New York— Robert Nelson’s Global One Real Estate Fund, in conjunction with the NYAH Preservation Fund II, a joint venture between Citi Community Capital (CCC) and L+M Development Partners, has acquired Promenade Apartments, a 318-unit, 32-story apartment community overlooking Manhattan’s Harlem River.
The property, a state-administered Mitchell-Lama development, was purchased for $18.5 million, bringing to more than three million square feet the amount of residential real estate owned in New York City by Nelson.
“There are so many different aspects of Promenade Apartments that attracted us,” Nelson, the principal of the Global One Real Estate Fund and Nelson Management Group Ltd., an affiliate of Global One, tells MHN. “The size, with almost 320 units under one roof, is always nice, and allows us to reap economies of scale. The location sits on the riverfront, so you have unobstructed views going for miles. We are a block away from Metro North Railroad that goes into Grand Central Station in Manhattan. It’s two blocks to the subway. There’s ample parking. And the middle-income workforce housing aspect of the property fits right in our wheelhouse.”
That’s not to say the deal was quick or simple. “My father always taught me that no deal you do will ever be easy,” Nelson says. “I started Nelson Management Group, but prior to that I worked for my dad. The more entities you have involved in the transaction—the banks, private equity partners, the city, the state, our lender—the more difficult it is to satisfy everyone’s objectives.”
The property was built in 1972, and retains its original boiler, roof and common areas. “We specialize in acquiring this exact type of property and investing in building systems to lower operating expenses, while improving tenant amenities so the residents get the type of building they deserve and can be proud of,” Nelson says. “Furthermore, with the cooperation of the city, state, the local elected officials and the Tenants’ Association, we will be able to do this while preserving workforce and middle-income housing.”
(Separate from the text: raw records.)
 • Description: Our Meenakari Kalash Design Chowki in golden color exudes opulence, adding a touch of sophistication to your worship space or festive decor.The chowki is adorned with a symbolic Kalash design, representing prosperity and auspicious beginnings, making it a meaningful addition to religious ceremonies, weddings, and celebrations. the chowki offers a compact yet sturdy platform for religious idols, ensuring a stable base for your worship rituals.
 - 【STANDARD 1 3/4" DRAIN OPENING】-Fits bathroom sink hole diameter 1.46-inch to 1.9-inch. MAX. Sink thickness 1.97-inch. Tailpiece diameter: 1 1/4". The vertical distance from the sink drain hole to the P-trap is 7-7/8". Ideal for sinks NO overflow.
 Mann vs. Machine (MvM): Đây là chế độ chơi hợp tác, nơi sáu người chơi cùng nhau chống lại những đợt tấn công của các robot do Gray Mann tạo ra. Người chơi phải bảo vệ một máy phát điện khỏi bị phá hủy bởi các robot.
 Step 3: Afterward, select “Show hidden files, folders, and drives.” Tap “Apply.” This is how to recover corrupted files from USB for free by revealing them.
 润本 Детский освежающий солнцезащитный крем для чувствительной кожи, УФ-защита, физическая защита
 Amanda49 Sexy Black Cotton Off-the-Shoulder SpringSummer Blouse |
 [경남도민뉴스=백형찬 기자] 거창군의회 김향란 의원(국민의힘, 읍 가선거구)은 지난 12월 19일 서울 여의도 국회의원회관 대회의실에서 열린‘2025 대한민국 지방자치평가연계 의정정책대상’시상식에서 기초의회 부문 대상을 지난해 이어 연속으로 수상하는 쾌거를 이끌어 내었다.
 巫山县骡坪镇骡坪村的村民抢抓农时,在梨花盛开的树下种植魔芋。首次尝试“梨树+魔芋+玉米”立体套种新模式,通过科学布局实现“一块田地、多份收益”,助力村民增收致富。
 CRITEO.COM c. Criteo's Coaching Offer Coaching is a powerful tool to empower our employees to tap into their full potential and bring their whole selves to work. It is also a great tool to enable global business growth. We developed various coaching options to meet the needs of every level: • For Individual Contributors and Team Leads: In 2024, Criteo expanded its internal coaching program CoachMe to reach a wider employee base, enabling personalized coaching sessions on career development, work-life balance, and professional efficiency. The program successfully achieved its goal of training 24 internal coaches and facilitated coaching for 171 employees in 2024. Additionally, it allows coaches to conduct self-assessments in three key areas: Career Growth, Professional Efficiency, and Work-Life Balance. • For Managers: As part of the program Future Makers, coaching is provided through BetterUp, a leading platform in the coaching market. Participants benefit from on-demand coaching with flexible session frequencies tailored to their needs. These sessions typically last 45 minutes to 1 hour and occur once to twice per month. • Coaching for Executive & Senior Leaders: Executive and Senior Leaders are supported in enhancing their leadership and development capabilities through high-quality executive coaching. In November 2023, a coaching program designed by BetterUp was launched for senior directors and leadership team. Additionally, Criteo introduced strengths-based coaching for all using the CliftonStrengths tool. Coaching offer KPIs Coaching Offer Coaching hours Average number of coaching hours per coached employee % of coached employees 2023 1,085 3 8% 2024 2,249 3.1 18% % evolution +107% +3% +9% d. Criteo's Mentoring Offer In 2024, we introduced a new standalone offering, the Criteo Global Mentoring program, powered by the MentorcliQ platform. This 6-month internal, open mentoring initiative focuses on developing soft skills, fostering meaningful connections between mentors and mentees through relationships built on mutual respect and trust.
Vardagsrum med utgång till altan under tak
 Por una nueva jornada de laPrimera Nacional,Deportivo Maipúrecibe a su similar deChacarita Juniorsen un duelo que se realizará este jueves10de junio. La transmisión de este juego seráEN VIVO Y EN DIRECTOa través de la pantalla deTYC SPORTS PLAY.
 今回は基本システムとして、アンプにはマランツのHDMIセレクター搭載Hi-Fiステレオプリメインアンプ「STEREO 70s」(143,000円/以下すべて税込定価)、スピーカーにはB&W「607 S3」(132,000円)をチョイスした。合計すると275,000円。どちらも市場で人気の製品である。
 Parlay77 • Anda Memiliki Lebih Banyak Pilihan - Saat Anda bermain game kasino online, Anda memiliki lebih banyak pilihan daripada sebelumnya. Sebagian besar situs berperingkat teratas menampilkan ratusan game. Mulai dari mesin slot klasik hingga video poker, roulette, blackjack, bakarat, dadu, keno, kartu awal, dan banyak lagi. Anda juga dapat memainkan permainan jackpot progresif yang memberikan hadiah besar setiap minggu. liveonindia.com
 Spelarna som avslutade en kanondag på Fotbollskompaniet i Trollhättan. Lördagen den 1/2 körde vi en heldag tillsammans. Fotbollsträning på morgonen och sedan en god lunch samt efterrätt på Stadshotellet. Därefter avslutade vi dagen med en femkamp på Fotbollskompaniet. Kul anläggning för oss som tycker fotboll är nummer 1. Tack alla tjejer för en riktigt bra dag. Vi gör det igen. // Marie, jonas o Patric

What will the acquisition mean to current and future residents? Nelson projects improvements to building systems will allow for fuel consumption to be reduced by approximately 45 percent. “We’re putting in new elevators as we speak, and we’ll put in a new roof, new boiler, renovate the hallways and add new elevator cabs and new lobbies,” he says. “The building was constructed 41 years ago, and as far as aesthetics are concerned, it has not been updated. Residents will be happier to invite family members and friends to their homes, and feel proud that they live in a beautiful environment that‘s as attractive as it is well built and maintained.”